### Task item
Among the entries below, only the lines from the one with "Cleef & Arpels Collection" through the one with "During table time, we" are wanted, reproduced exactly. Pictures are not wanted.

### Records provided
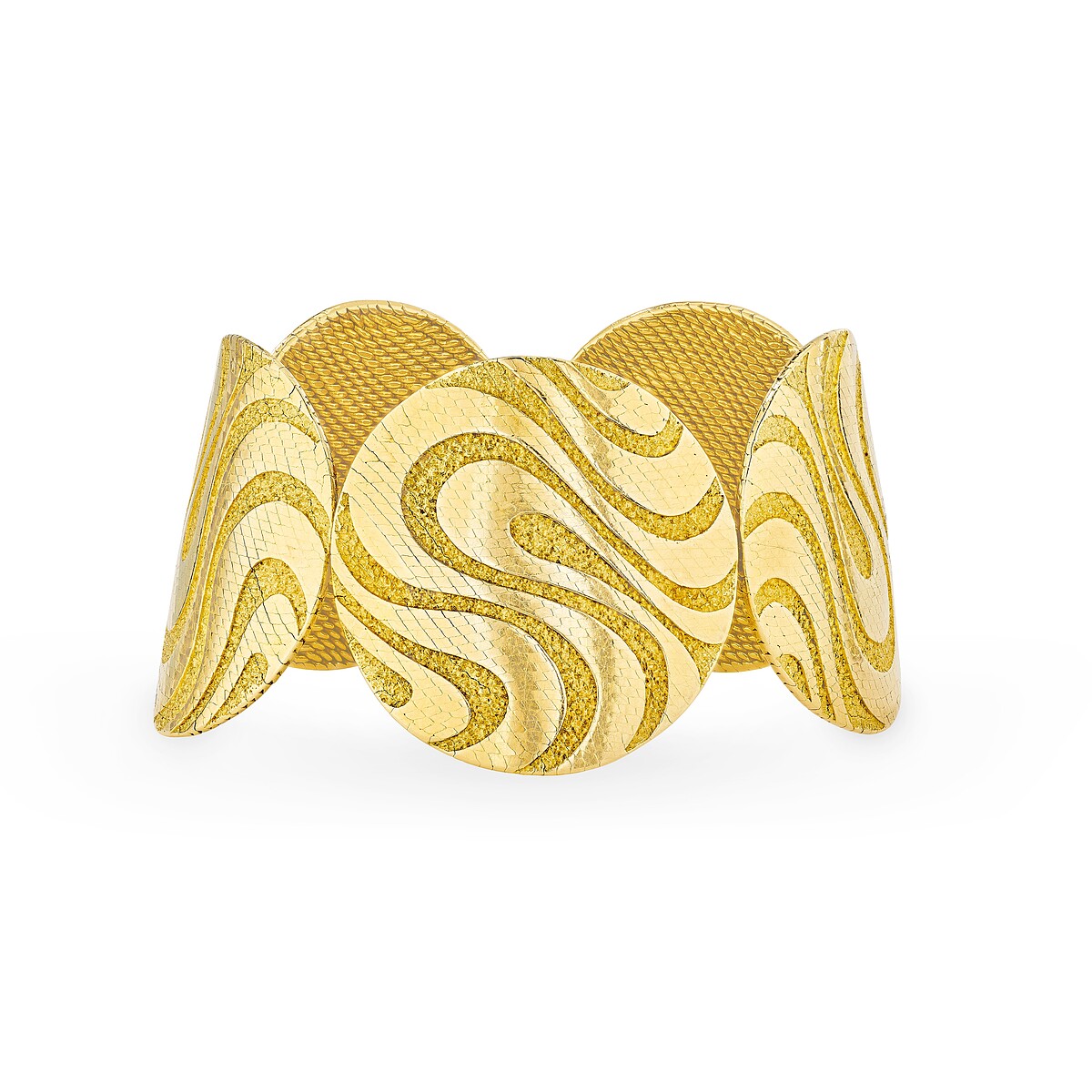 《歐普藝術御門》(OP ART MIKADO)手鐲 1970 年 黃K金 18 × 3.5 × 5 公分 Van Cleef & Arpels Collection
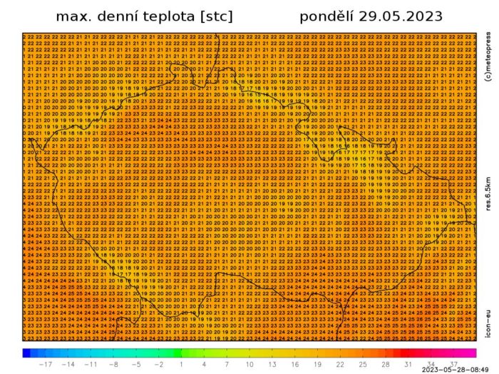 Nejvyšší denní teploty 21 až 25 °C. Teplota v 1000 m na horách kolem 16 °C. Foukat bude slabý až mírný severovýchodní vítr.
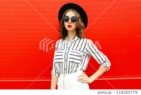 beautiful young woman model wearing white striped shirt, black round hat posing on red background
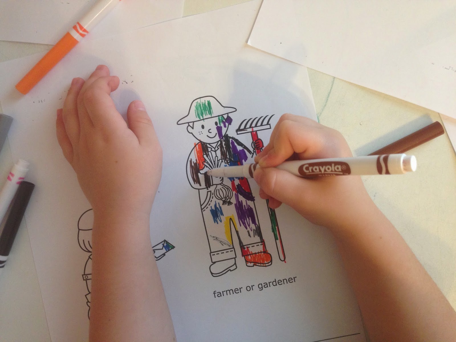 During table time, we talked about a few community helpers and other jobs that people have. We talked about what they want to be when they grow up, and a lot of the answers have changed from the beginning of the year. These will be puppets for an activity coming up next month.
==
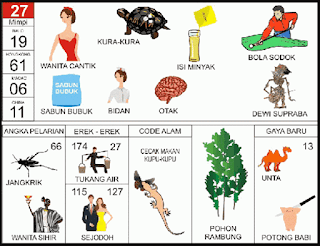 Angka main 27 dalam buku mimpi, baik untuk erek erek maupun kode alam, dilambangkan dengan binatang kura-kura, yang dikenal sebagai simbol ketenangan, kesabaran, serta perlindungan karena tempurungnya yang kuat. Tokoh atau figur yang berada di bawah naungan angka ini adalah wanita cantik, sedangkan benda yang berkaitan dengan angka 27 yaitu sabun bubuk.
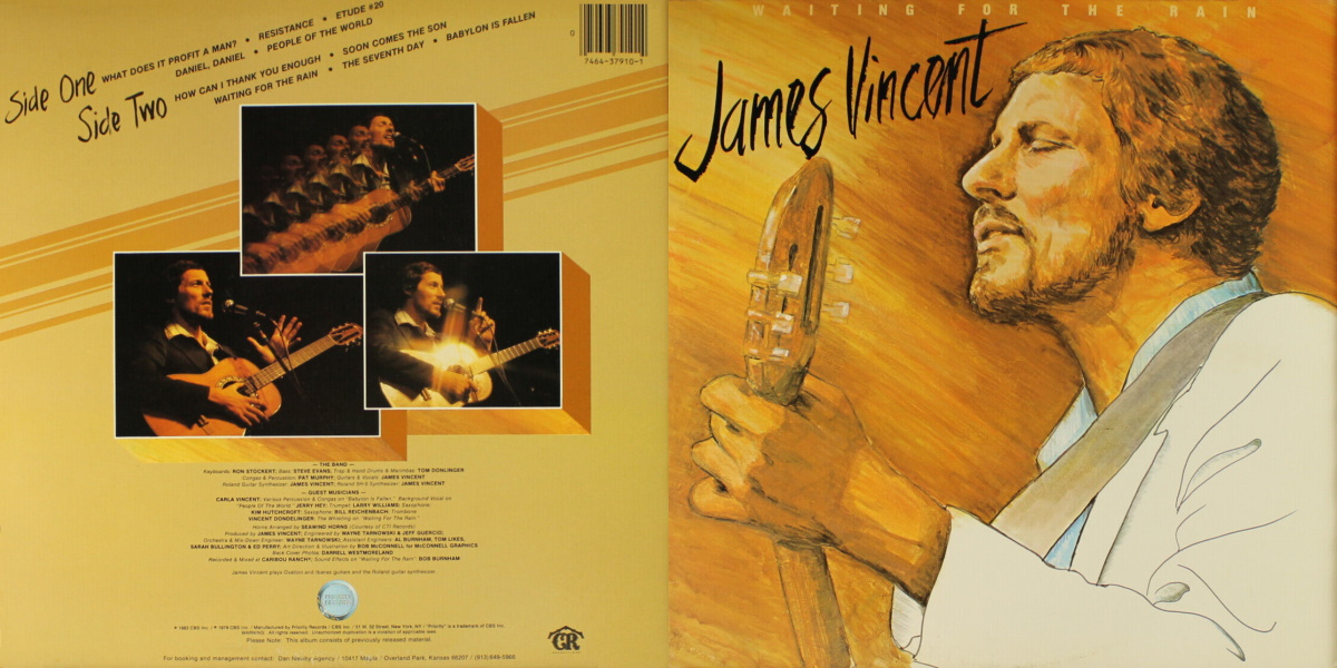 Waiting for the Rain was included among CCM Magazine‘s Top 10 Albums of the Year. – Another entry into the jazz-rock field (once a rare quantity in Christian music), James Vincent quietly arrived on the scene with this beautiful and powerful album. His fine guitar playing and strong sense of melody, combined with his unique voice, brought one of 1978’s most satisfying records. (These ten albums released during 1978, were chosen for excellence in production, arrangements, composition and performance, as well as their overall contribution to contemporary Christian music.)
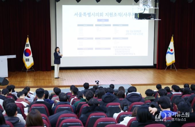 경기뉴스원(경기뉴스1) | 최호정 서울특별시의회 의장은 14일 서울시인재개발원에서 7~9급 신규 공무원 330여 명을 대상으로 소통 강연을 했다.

### Answer to this exercise
 《歐普藝術御門》(OP ART MIKADO)手鐲 1970 年 黃K金 18 × 3.5 × 5 公分 Van Cleef & Arpels Collection
 Nejvyšší denní teploty 21 až 25 °C. Teplota v 1000 m na horách kolem 16 °C. Foukat bude slabý až mírný severovýchodní vítr.
 beautiful young woman model wearing white striped shirt, black round hat posing on red background
 During table time, we talked about a few community helpers and other jobs that people have. We talked about what they want to be when they grow up, and a lot of the answers have changed from the beginning of the year. These will be puppets for an activity coming up next month.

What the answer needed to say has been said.